Directions: Return the full listing unchanged, apart from leaving out its images.

Data block:
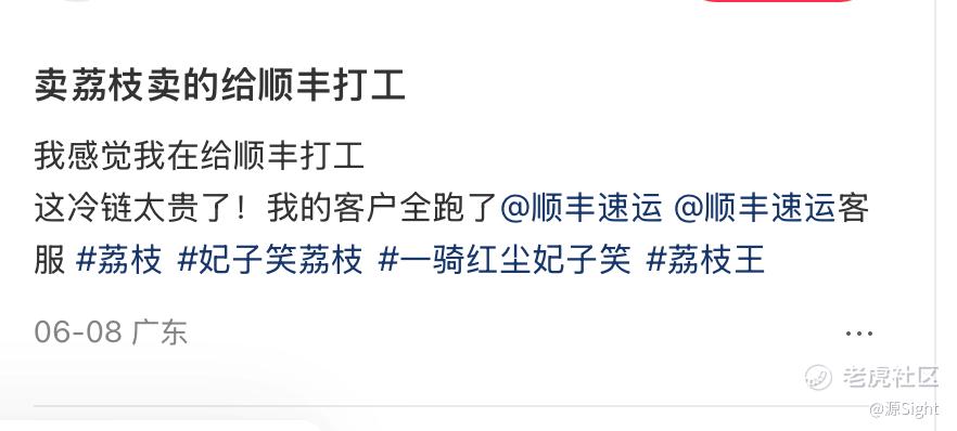而在社交平台上,也有不少销售荔枝的果农发帖,称快递费用过高,自己在“给顺丰打工”。
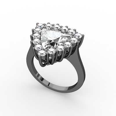 Beyaz zirkon ve pırlanta 925 ayar siyah rodyum kaplama gümüş yüzük (0.9 karat)
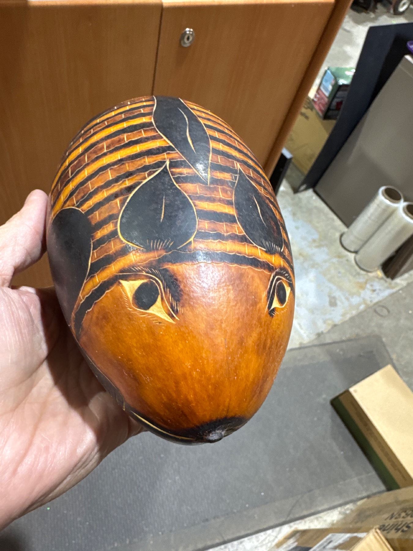 hand-carved gourd rattle, also known as a guiro or huiro

Response to this exercise:
而在社交平台上,也有不少销售荔枝的果农发帖,称快递费用过高,自己在“给顺丰打工”。
 Beyaz zirkon ve pırlanta 925 ayar siyah rodyum kaplama gümüş yüzük (0.9 karat)
 hand-carved gourd rattle, also known as a guiro or huiro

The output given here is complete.